_PROBLEM:_ What is needed is an exact copy of the records below, with the pictures left out.

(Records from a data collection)

###

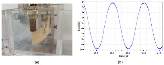 Loading forces were applied on the incisor edge (a). The frequency of the stress cycle was 1 Hz, and the loading force was varied from 1–10 N (b).
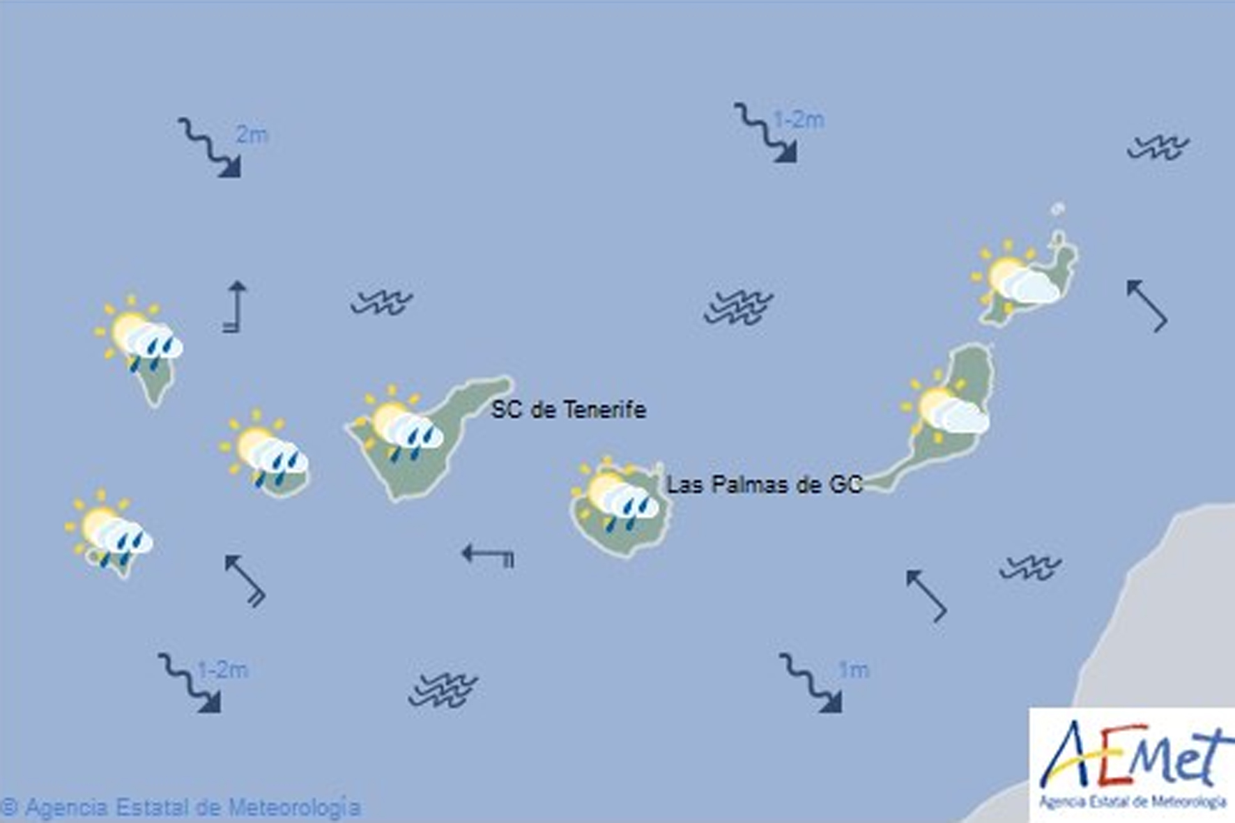 Probabilidad de precipitaciones débiles y ocasionales durante la mañana y la tarde, sin descarta que puedan venir acompañadas de alguna tormenta aislada.
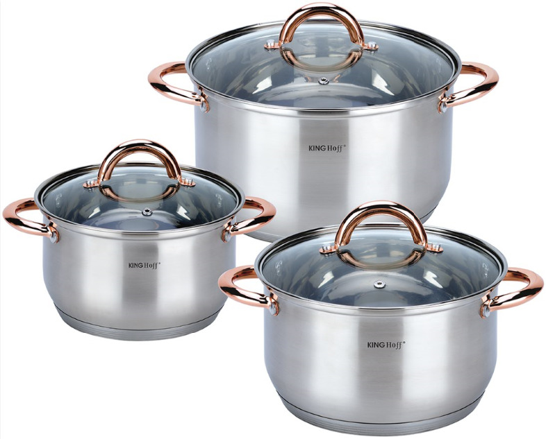 KINGHoff rozā zelta krāsas katlu komplekts, 6 daļas, Ø18, Ø20, Ø24, KH 1762
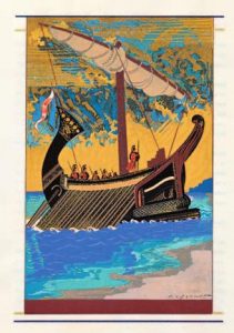 Traduction de Victor Bérard, décorée et ornée de 100 compositions hors-texte par F.-L. Schmied, gravées sur bois par Théo Schmied et mises en couleurs par Saudé. SOMPTUEUSE ÉDITION TIRÉE À 145 EXEMPLAIRES SUR PEAU DE VÉLIN D’UNE RARE QUALITÉ, fournie, d’après la légende, par 3000 chèvres du Haut-Atlas : sur cette peau, les gravures sur bois, les coloris (vifs et d’or), l’impression dûe à Darantière sont d’une extraordinaire « venue ».
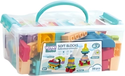 Set WOOPIE Soft Blocks otrokom prinaša veselje do ustvarjanja in učenja. Veliki, mehki in varni elementi v pastelnih barvah so prijetni za držanje in primerni za prve gradbene poskuse. Otroci zlahka zgradijo zgradbe, vozila in domišljijske modele ter pri tem razvijajo koordinacijo, potrpežljivost in sodelovanje.
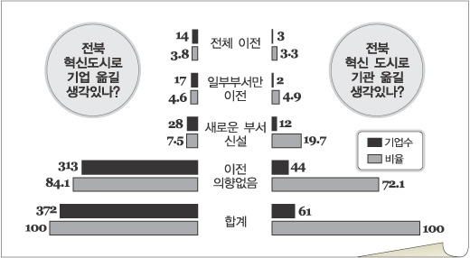 이밖에도 7.5% 28개 기관·기업은 기존 조직을 유지한 채 혁신도시에 새로운 부서를 신설하겠다고 밝혔고 회사 내 일부 부서만 이전하겠다고 답한 기업은 4.6% 17곳이었다. 전북발전연구원이 한국토지공사, 대한지적공사, 농진청 산하기관 등 61개 유관기관을 대상으로 실시한 설문조사에서도 72.1% 61곳이 이전의향이 없다고 응답했다.‘회사 전체를 전북 혁신도시로 이전하겠다.’는 기관은 농진청 산하기관 2곳뿐이었다. 나머지 기관들은 ‘새로운 부서를 신설하거나 일부 부서만 이전하겠다.’고 답했다.
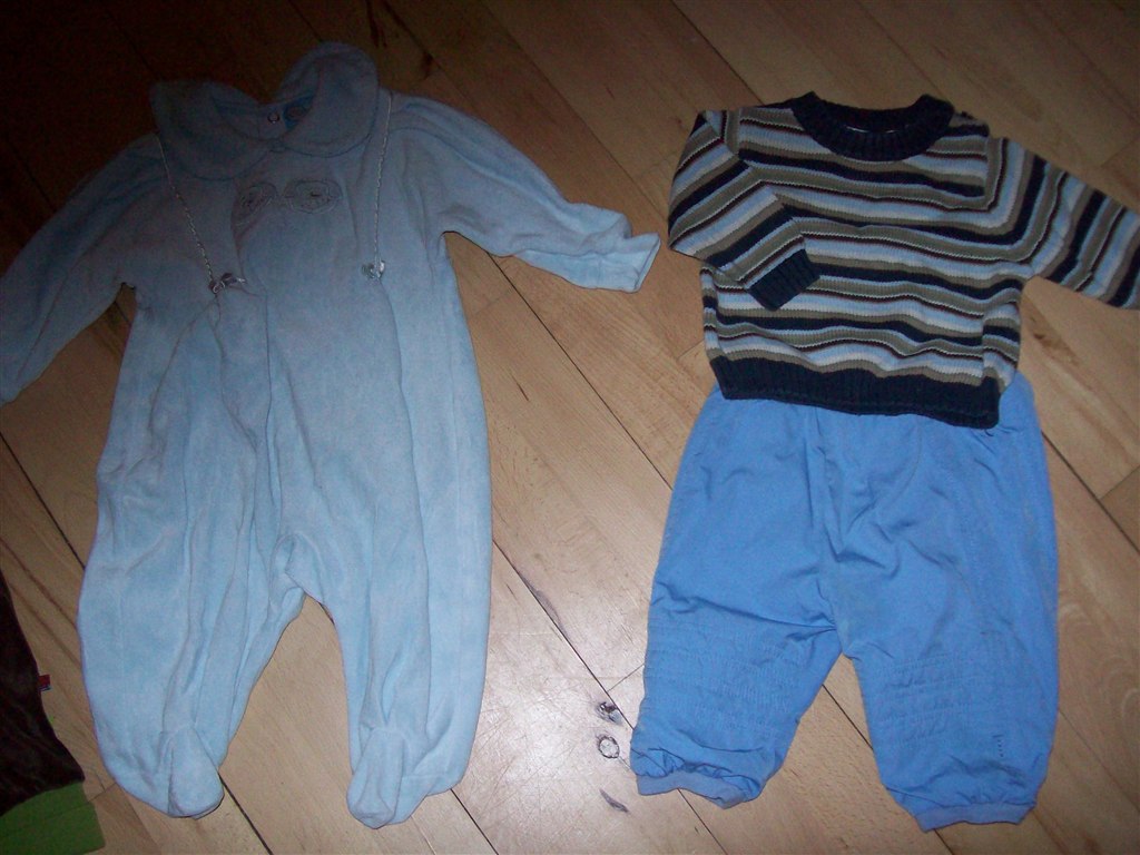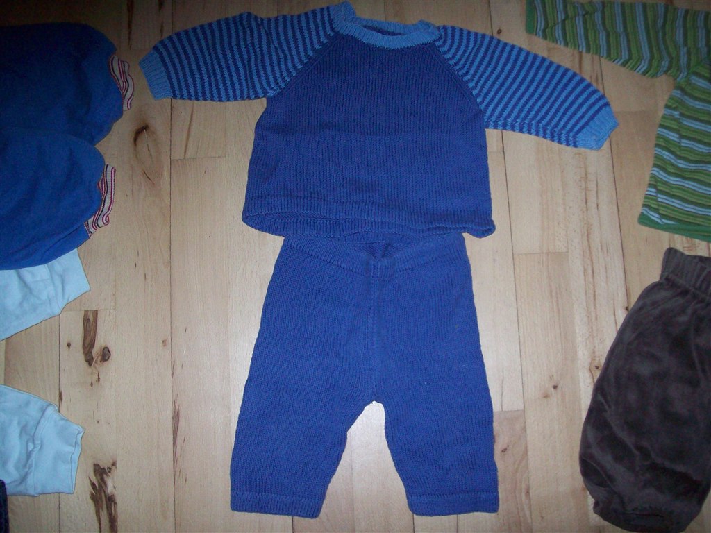 Billede 1: Heldragt 30 kr, sæt med blå bukser og strik 45 kr.
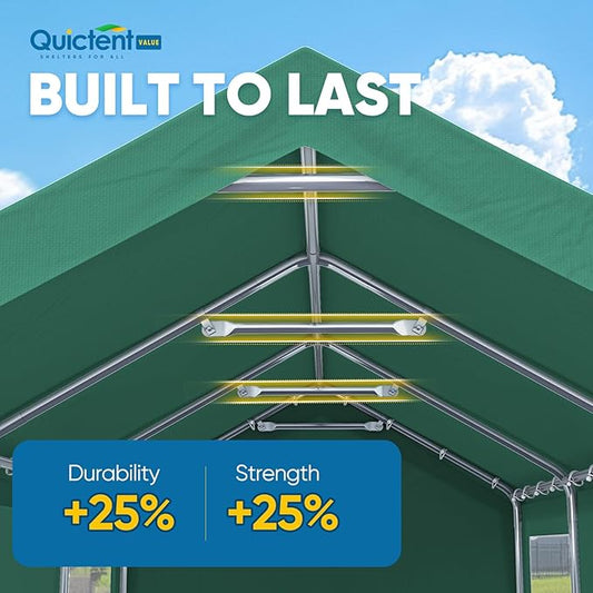 Quictent 10x20 ft Heavy Duty Carport Canopy Galvanized Car Tent Outdoor Garage Boat Shelter with Reinforced Structure, with Hanging Edge - Green
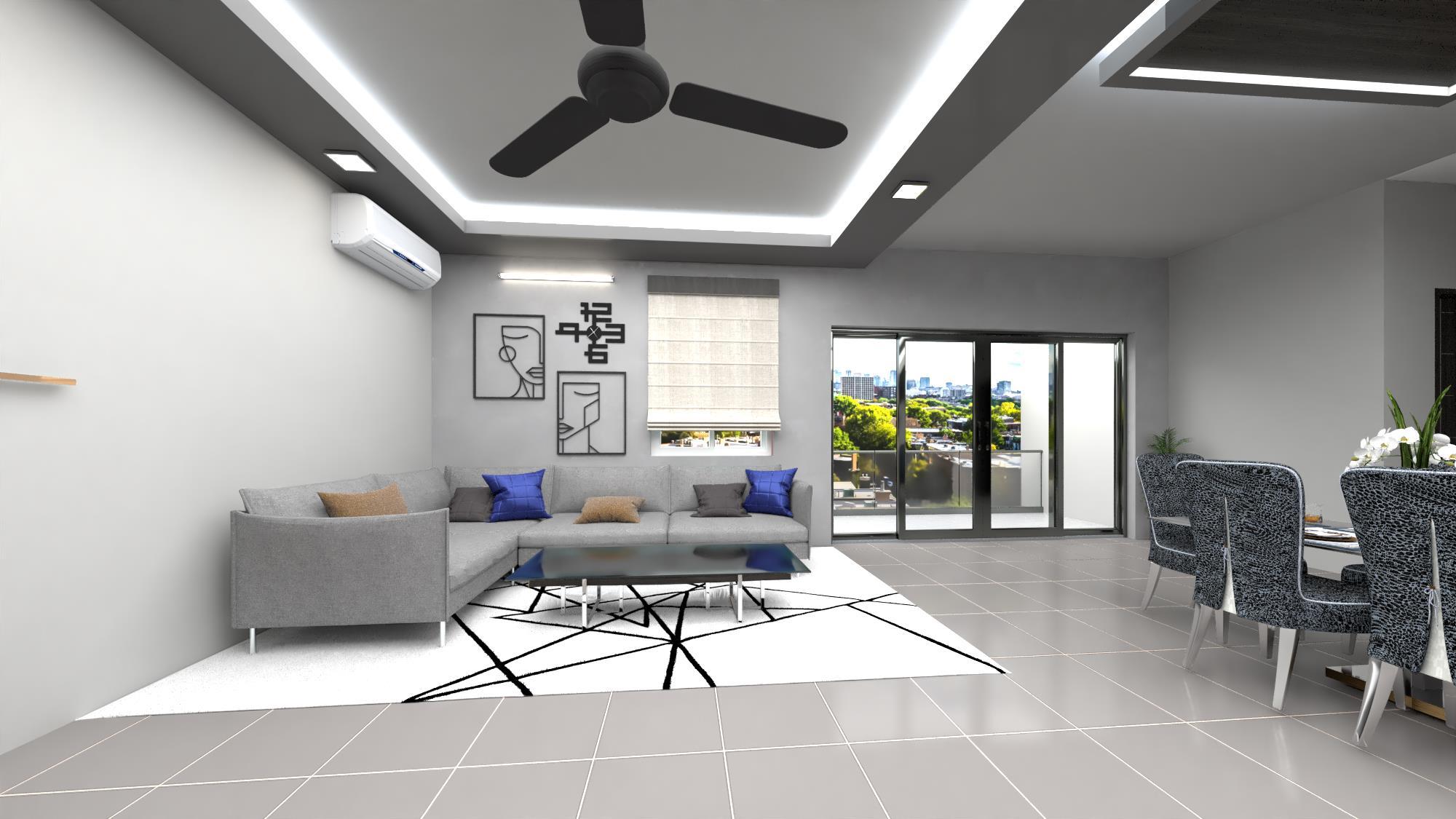 • Blue colour is used on blinds, dining cabinet laminate and drawers.

###

_ANSWER AREA:_
 Loading forces were applied on the incisor edge (a). The frequency of the stress cycle was 1 Hz, and the loading force was varied from 1–10 N (b).
 Probabilidad de precipitaciones débiles y ocasionales durante la mañana y la tarde, sin descarta que puedan venir acompañadas de alguna tormenta aislada.
 KINGHoff rozā zelta krāsas katlu komplekts, 6 daļas, Ø18, Ø20, Ø24, KH 1762
 Traduction de Victor Bérard, décorée et ornée de 100 compositions hors-texte par F.-L. Schmied, gravées sur bois par Théo Schmied et mises en couleurs par Saudé. SOMPTUEUSE ÉDITION TIRÉE À 145 EXEMPLAIRES SUR PEAU DE VÉLIN D’UNE RARE QUALITÉ, fournie, d’après la légende, par 3000 chèvres du Haut-Atlas : sur cette peau, les gravures sur bois, les coloris (vifs et d’or), l’impression dûe à Darantière sont d’une extraordinaire « venue ».
 Set WOOPIE Soft Blocks otrokom prinaša veselje do ustvarjanja in učenja. Veliki, mehki in varni elementi v pastelnih barvah so prijetni za držanje in primerni za prve gradbene poskuse. Otroci zlahka zgradijo zgradbe, vozila in domišljijske modele ter pri tem razvijajo koordinacijo, potrpežljivost in sodelovanje.
 이밖에도 7.5% 28개 기관·기업은 기존 조직을 유지한 채 혁신도시에 새로운 부서를 신설하겠다고 밝혔고 회사 내 일부 부서만 이전하겠다고 답한 기업은 4.6% 17곳이었다. 전북발전연구원이 한국토지공사, 대한지적공사, 농진청 산하기관 등 61개 유관기관을 대상으로 실시한 설문조사에서도 72.1% 61곳이 이전의향이 없다고 응답했다.‘회사 전체를 전북 혁신도시로 이전하겠다.’는 기관은 농진청 산하기관 2곳뿐이었다. 나머지 기관들은 ‘새로운 부서를 신설하거나 일부 부서만 이전하겠다.’고 답했다.
 Billede 1: Heldragt 30 kr, sæt med blå bukser og strik 45 kr.
 Quictent 10x20 ft Heavy Duty Carport Canopy Galvanized Car Tent Outdoor Garage Boat Shelter with Reinforced Structure, with Hanging Edge - Green
 • Blue colour is used on blinds, dining cabinet laminate and drawers.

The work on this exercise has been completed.